DATA SHOWN.

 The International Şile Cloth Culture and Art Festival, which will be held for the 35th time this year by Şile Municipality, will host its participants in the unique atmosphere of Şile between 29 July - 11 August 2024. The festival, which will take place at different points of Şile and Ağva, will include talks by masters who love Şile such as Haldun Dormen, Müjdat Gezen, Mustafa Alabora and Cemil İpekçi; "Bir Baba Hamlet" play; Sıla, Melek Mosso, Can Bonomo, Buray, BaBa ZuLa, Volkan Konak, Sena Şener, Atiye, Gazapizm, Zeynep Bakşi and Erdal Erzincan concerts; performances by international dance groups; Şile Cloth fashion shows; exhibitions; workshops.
==
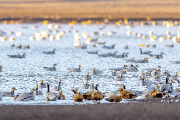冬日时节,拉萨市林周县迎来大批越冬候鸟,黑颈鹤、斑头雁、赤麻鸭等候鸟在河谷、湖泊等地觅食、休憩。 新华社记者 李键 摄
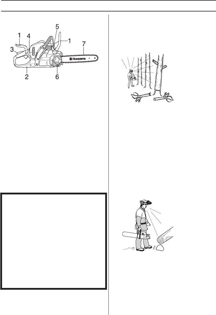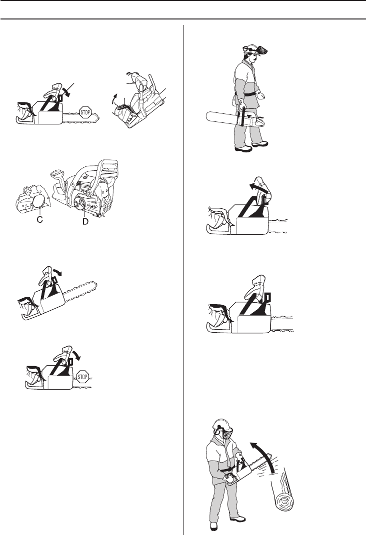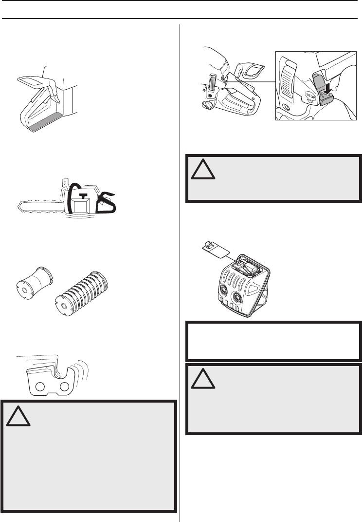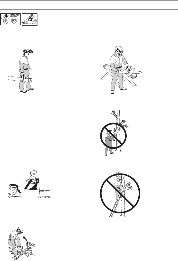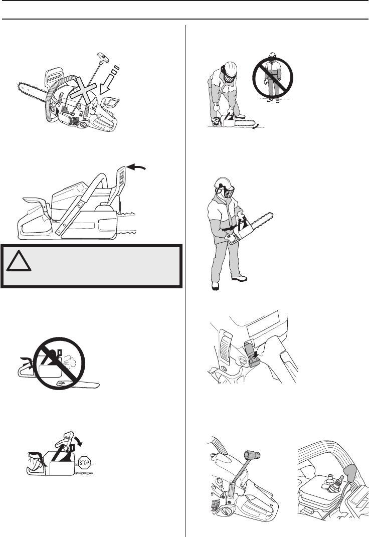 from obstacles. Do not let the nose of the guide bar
...
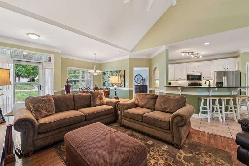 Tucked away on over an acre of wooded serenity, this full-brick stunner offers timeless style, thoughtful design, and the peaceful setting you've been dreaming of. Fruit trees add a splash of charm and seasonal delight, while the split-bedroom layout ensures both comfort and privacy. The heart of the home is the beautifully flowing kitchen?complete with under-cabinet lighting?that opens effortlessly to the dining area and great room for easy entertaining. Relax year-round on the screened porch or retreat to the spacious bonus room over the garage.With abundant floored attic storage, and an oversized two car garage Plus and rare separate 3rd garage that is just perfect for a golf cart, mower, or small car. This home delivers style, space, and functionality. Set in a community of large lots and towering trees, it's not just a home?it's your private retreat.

TASK ITEM.
Within the material above, only the stretch from the line holding "冬日时节,拉萨市林周县迎来大批越冬候鸟,黑颈鹤、斑头雁、赤麻鸭等候鸟在河谷、湖泊等地觅食、休憩。 新华社记者 李键" through the line holding "from obstacles. Do" is to be restated exactly. Pictures are dropped.

TASK ANSWER.
冬日时节,拉萨市林周县迎来大批越冬候鸟,黑颈鹤、斑头雁、赤麻鸭等候鸟在河谷、湖泊等地觅食、休憩。 新华社记者 李键 摄
 from obstacles. Do not let the nose of the guide bar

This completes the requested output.